Motorola Atrix Lapdock
It's a... phone-book?
Accessory of the Week If you had thought that Motorola’s Android offerings might have ended up as the also-rans in the mêlée of Googlephone handsets, then recent events in the mobile marketplace would suggest it could well be the standard bearer. The Chocolate Factory’s bid for Motorola’s Mobility division  – the handset and tablet line – certainly seems to suggest that buying into Motorola kit might not be a bad idea. It's not like there haven't been a few temptations either.
Motorola's Atrix Lapdock: handset not included
The Motorola Atrix  Android handset has a suite of accessories that go beyond the typical docking options to transform it from a dual core Android smartphone into an multimedia hub or even a netbook. With the latter, the Atrix slots into the back of a very slimline looking notebook and phone's CPU runs the show.
Called the Lapdock, it has a 11.5in screen with a 1366 x 768 resolution. Round the back, besides the swivelling dock for the phone, you also get two USB ports and speakers on each corner.
There’s a PSU input too, which not only charges the docked phone but the internal battery within the Lapdock which extends the working life of this combo. When unplugged from the mains, the Lapdock battery still charges the phone when docked, so even if big picture battery dies, you can still resort to the small screen as the handset should still be topped up.
Docking the phone and opening the lid fired everything up, which takes around 20 seconds for the handover if you’ve not had the two running together in a while. At other times it was alive and kicking less than ten seconds.

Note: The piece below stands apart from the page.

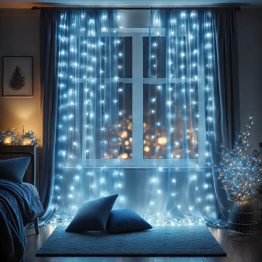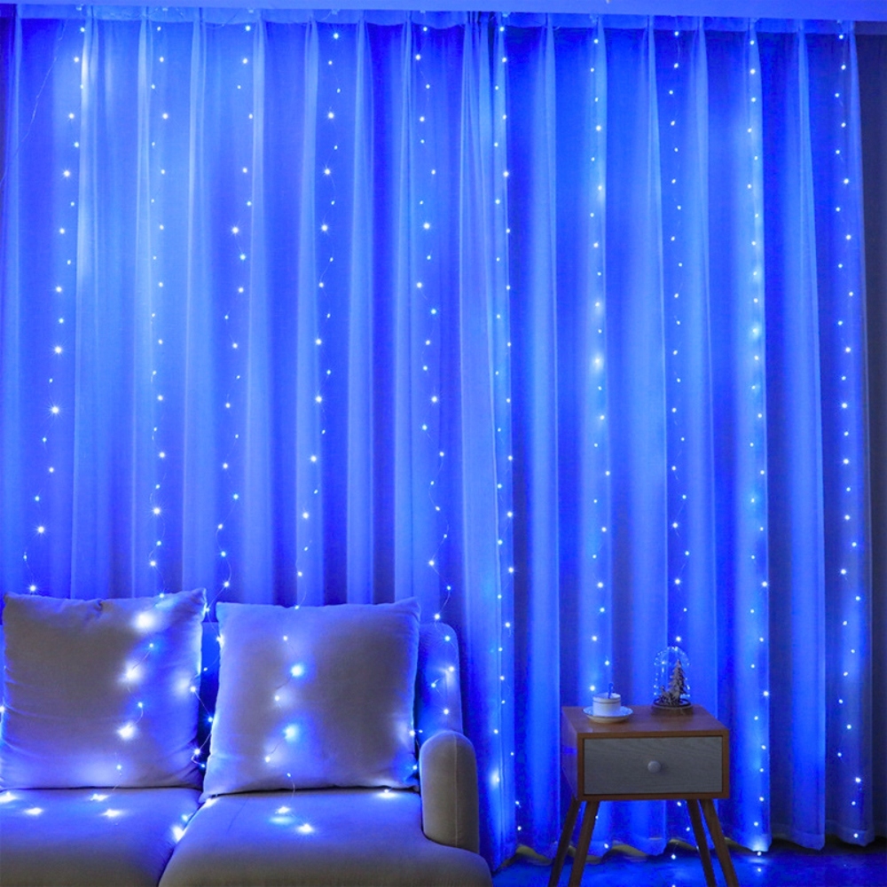 Kurtyna LED 3×3 m z 300 diodami w niebieskiej barwie światła to nowoczesna dekoracja do domu, eventów oraz aranżacji świątecznych. Zestaw posiada 10 pionowych przewodów z mikro diodami LED umieszczonymi na srebrnym druciku. Dzięki temu tworzy efektowną świetlną ścianę.

Mobile View address book alongside the Webtop Firefox browser
When docked, the Atrix display is blanked out and you're greeted by the phone's homescreen in the corner and a bunch of icons in a dock that's all very Mac OS X stylee – even the mouse pointer is black. The dock or App Tray is split in two with shortcuts to phone functions on the left and the full-screen ‘Webtop’ apps on the right. You can initiate and receive calls too, with the internal speakers making for a perfectly usable handsfree experience.
While I junked the Facebook App Tray link within seconds of starting off, the File Browser and the Webtop version of Firefox (3.6.15) with its Flash support proved much more enduring. If you're in a territory that offers the latest Atrix Android update, then this comes with Firefox 4.0.1.
The display angle could do with going back a few more degrees for a better view
There's also a Motorola shortcut on the Webtop side that does little else than link to the Atrix site. It turns out you can add any URL or web application to the dock for quick access. You use the + symbol in the bottom right corner to enter in both name URL, which is a bit cumbersome, a slicker alternative is to use the ‘Add this page to App Tray...’ option in the Firefox bookmarks menu.
For wired headphones, you use the phone's socket
Using the Lapdock has certain amount of split thinking to it. You have the Mobile View, which has all the Atrix apps on show that can be seen portrait or landscape mode, mimicking the phone’s layout. You can expand this to full screen but it is still the Mobile view because you’re looking at the phone apps, only bigger now.
You can navigate the mobile apps by click and drag or with a combination of moving through the various screens and icons with the arrow keys and using the trackpad cursor to make selections. If you know what you’re looking for though, just typing in a few letters will bring up a list of matching content, locally and, if you choose, on-line. Alt-Tab will move you through open apps too.
Double vision: mobile and Webtop browsers can be used simultaneously
Both the mobile and Webtop apps can be viewed and used simultaneously. If you try and run the phone browser, it will prompt asking if you want to use the Webtop version. However, you can have both running at once, which could be handy for a developer checking out how web pages look for both desktop and mobile displays. Talking of developers, the Webtop side of things is, apparently, based around Ubuntu Linux but you need to root the Atrix and run ADB  to modify the Webtop environment.
Tilt and shift
The chiclet keyboard clatters a bit and its spacing took a bit of getting used to, but the keys seemed less of a challenge than a typically densely packed layout found on netbooks. Typing texts is a boon, but regardless of application, you'll be wanting to disable the trackpad when typing, as the cursor can flit around all over the place if you don't. A white light in the top left corner of the trackpad indicates it is active, double tap on it and the light goes out and the trackpad is deactivated – simple and effective.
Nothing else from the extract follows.